Ow, my M44 does a good job also. My friends daughter who is 23-24 shot mine sitting and when it went off she rocker back then rocked forward and looked at us and went OH NICE!! She then sent about another 5-10 rounds down range and quit. I love mine for that reason and the muzzle flash (easily visible in the daytime).

Ted


----------



## JMSUN (Feb 24, 2010)

I was sighting in a 12 Gauge single shot shotgun onetime that someone else had mounted the scope wrong and got nailed like that. Ouch!


----------



## kanaka (Oct 3, 2007)




----------



## SAWMAN (May 24, 2010)

*Placement ???*

Look at the placement of the heel of the stock on her shoulder. Her boyfriend(?)should have his ass kicked by 1000 circus clowns. ---SAWMAN


----------



## TURTLE (May 22, 2008)

saku39 said:


> wowzer, you make that stock?


*Same question. I've made a couple stocks but that one looks different. Does it feel good to hold? *

*Been there a few times on the face slap, not good with a BMG, broke the bone in my nose, and yes it was the first time I ever shot one and never happened again after that one. Hope it didn't get you too bad.*


----------



## HisName (Nov 29, 2009)

yes I made the stock because it came with a broken stock but bright shinny bore , it was raining all week , i was stuck inside and went - HUMMMM.
in the day it wasn't so bad.

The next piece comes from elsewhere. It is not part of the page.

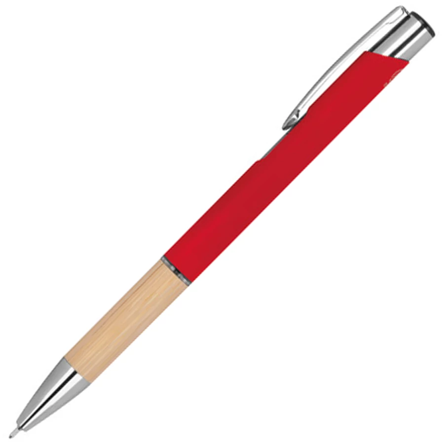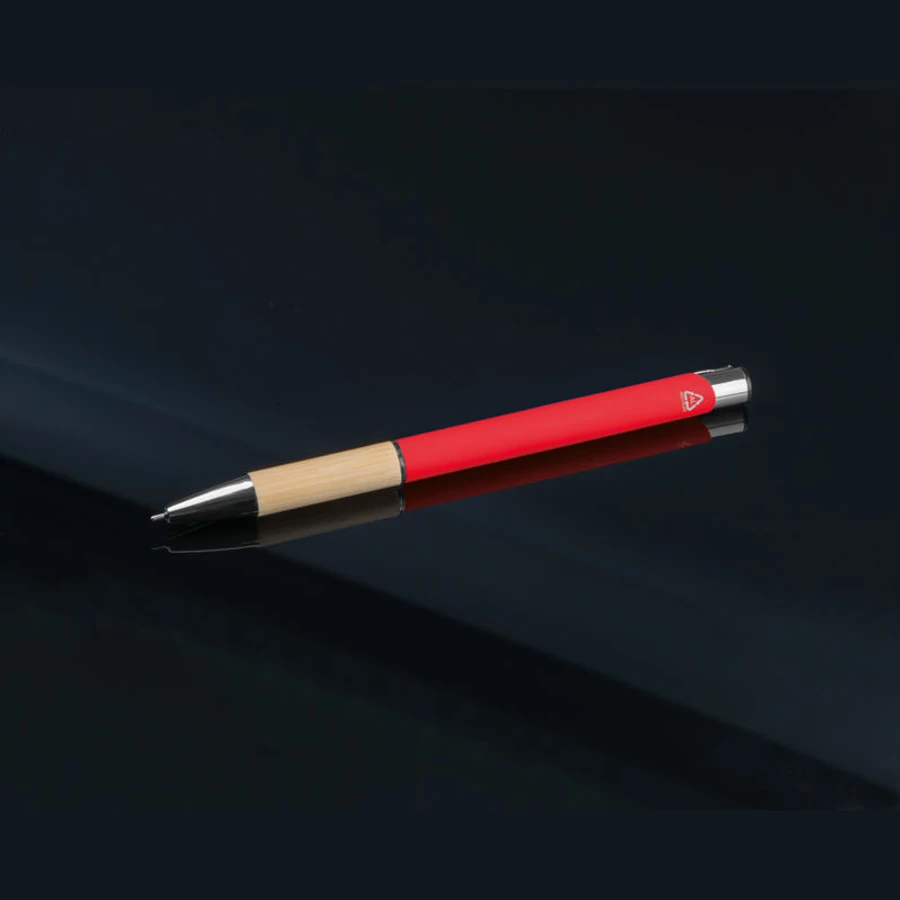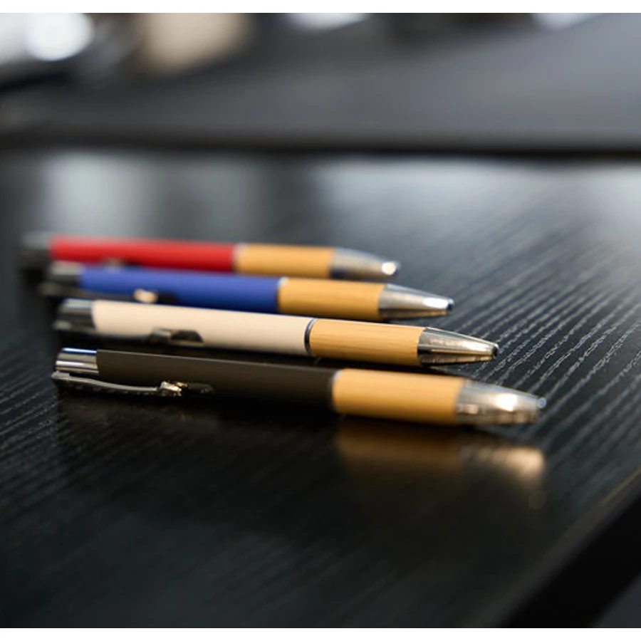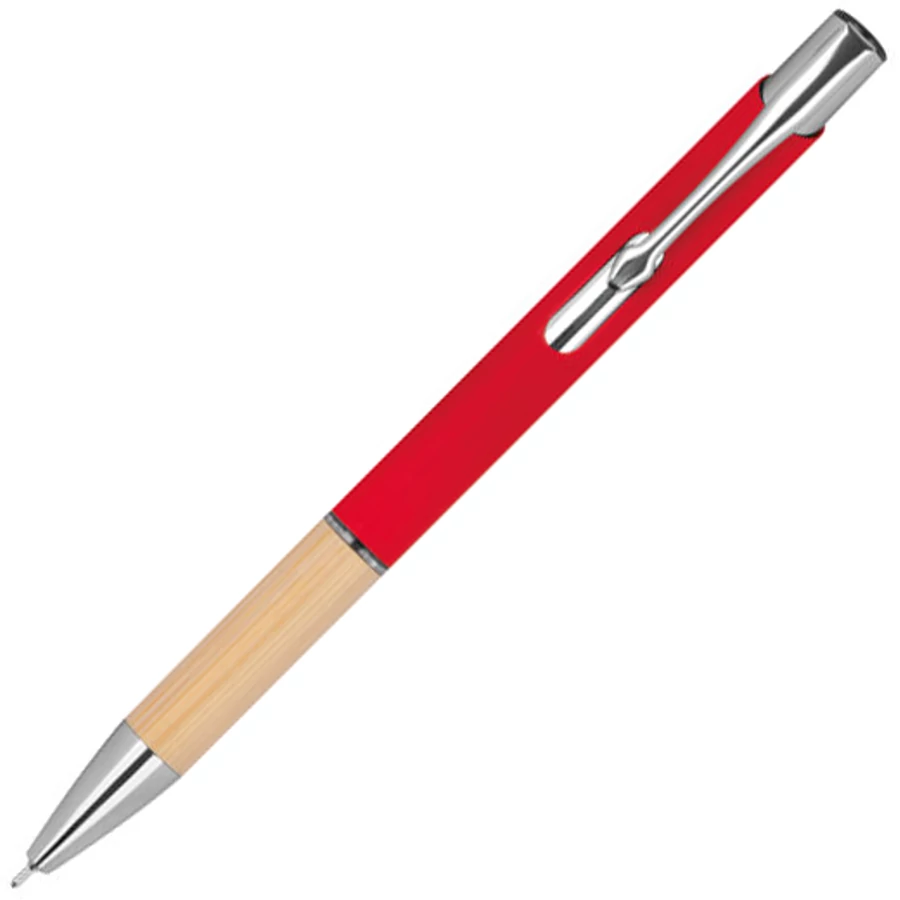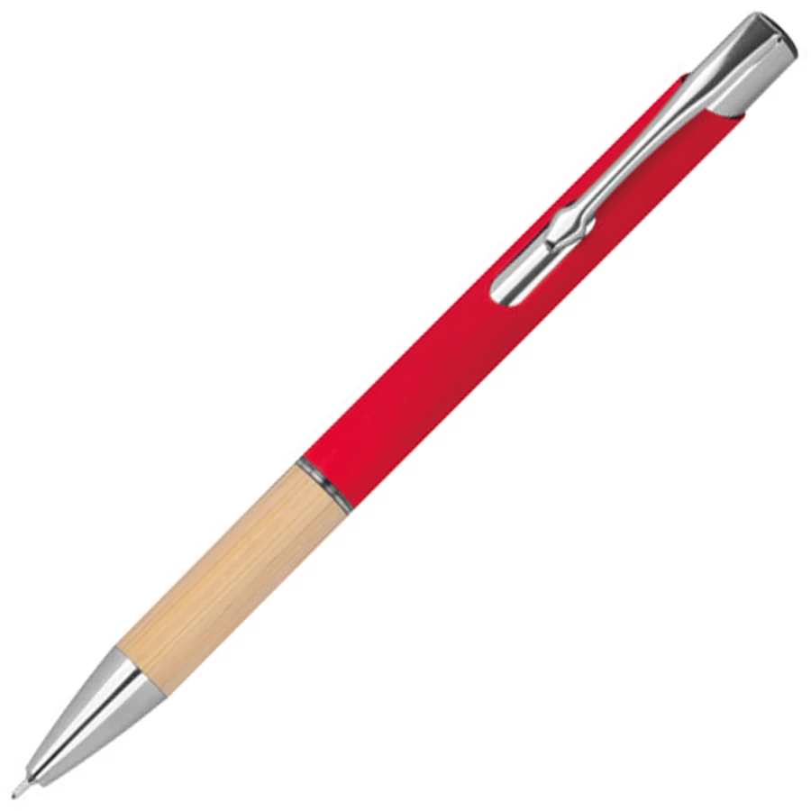 Újrahasznosított alumínium test gumírozott bevonattal, ezüst színű kiegészítőkkel és bambusz fogórésszel.
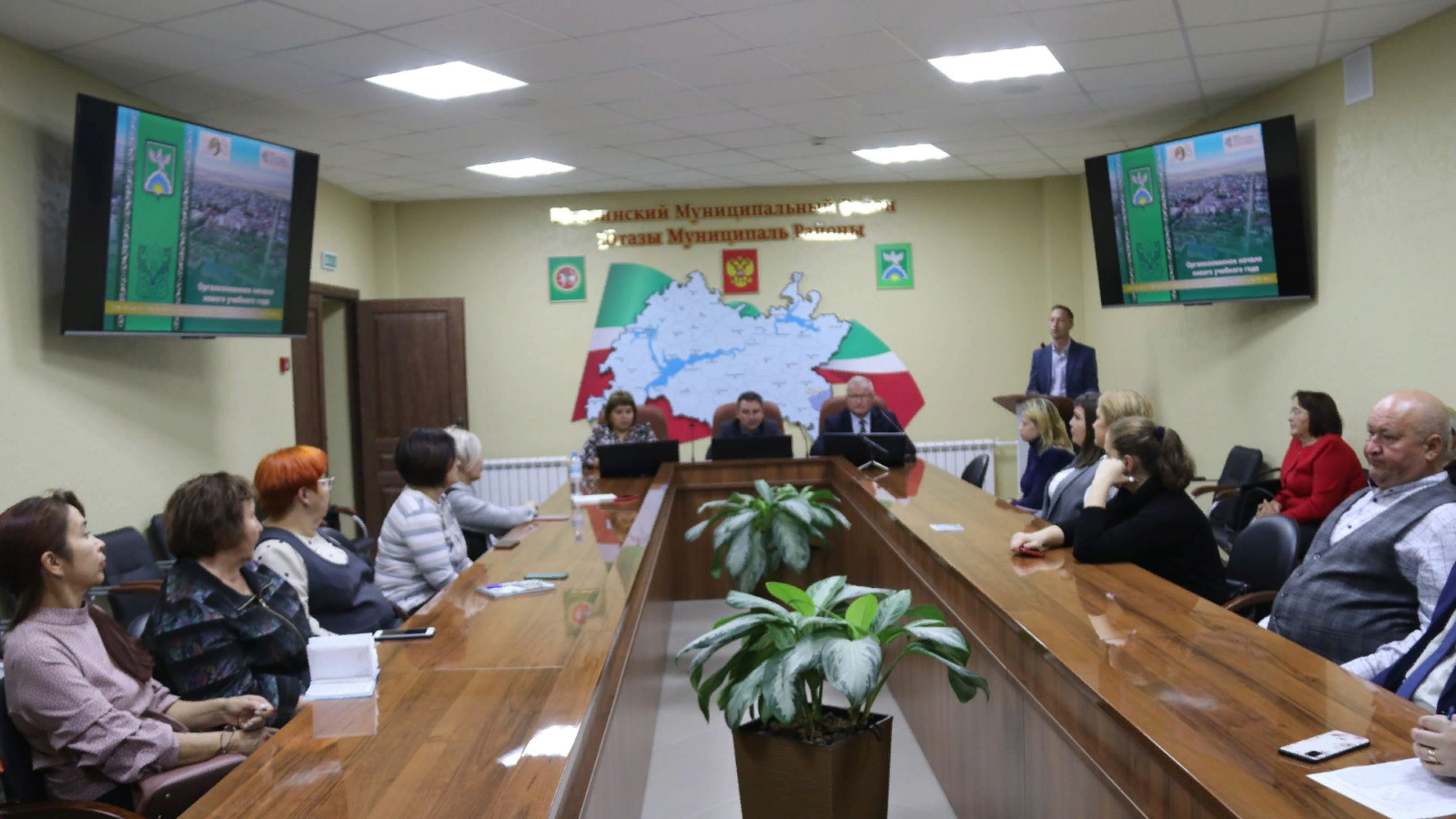 Мәгариф бүлеге начальнигы Сергей Абрамов җыелучылар алдында доклад-презентация белән чыгыш ясады. Ул мәгариф системасындагы яңалыклар, уку йортларына йөрү дәрәҗәсе һәм мәктәп туклануын оештыру турында сөйләде.

I even shot 200 Grn ammo out of it but the 180 Grn S&B kicks extremely hard , I do think my age is the main factor
in a few weeks i will give an accurate report on this rifle with a new scope on it


----------



## JD7.62 (Feb 13, 2008)

Dude that gun is NUTS! Rarely do "bubba guns" spark my interest but damn that thing is funky!


----------



## chevelle427 (Feb 6, 2011)

91/30 and a m44 ====night day different for the same round


more kick
more boom
more flash

LOVE IT


----------